QUOTE (SigurRosFan @ Feb 28 2006, 10:38 AM)
Is any definitive KBO selected for New Horizons, yet?
Alan Stern or John Spencer may correct or expand on this, but here's how I answered that question for the
February 6 Planetary Radio: "Once New Horizons passes Pluto, it will have only a very limited ability to change its course, which means that it can only study Kuiper belt objects that happen to lie within a roughly one-degree cone around its path. Unfortunately, none of the more famous Kuiper belt objects, including 2003 UB313, Quaoar, Chaos, Ixion, or Varuna, will lie within that cone. The mission planners do want to visit a reasonably large object, bigger than 50 kilometers in diameter, and hope to find one that has a different color from Pluto so may represent a different kind of evolutionary history. But no Kuiper belt object has yet been identified that fits the mission's criteria.

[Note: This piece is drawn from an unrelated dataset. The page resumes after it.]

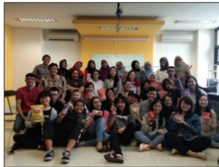
Gambar 6. Peserta FGD dalam kegiatan pengabdian masyarakat.
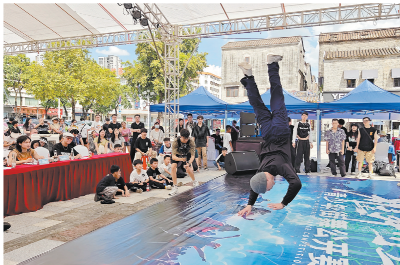
街舞比赛现场。

江门,这座充满活力的城市,正紧紧抓住这一契机,让街舞文化在这片土地上绽放出绚烂的花朵。

There are several excellent reasons for the New Horizons planners to delay their choice of Kuiper belt targets. First of all, which bodies would be in reach of New Horizons depended to a great extent on the spacecraft's launch date. But the most important reason is that the Kuiper belt objects that New Horizons will study have very likely not been discovered yet. Only about a thousand of them are now recognized and tracked. In fact, very few are known to lie in orbits near New Horizons' path, because New Horizons happens to be headed toward the galactic center. Astronomers have avoided searching for objects there because the density of the star field in that part of the sky makes it challenging to find them. But several new observatories and experiments are being developed that will multiply number of known objects by a factor of ten or more by the time New Horizons arrives at Pluto. For example, the Pan-STARRS observatory under construction by the University of Hawaii is a wide-field imager that will come online in 2009. It is estimated that Pan-STARRS could discover twenty thousand Kuiper belt objects over its operational lifetime, giving New Horizons lots of options."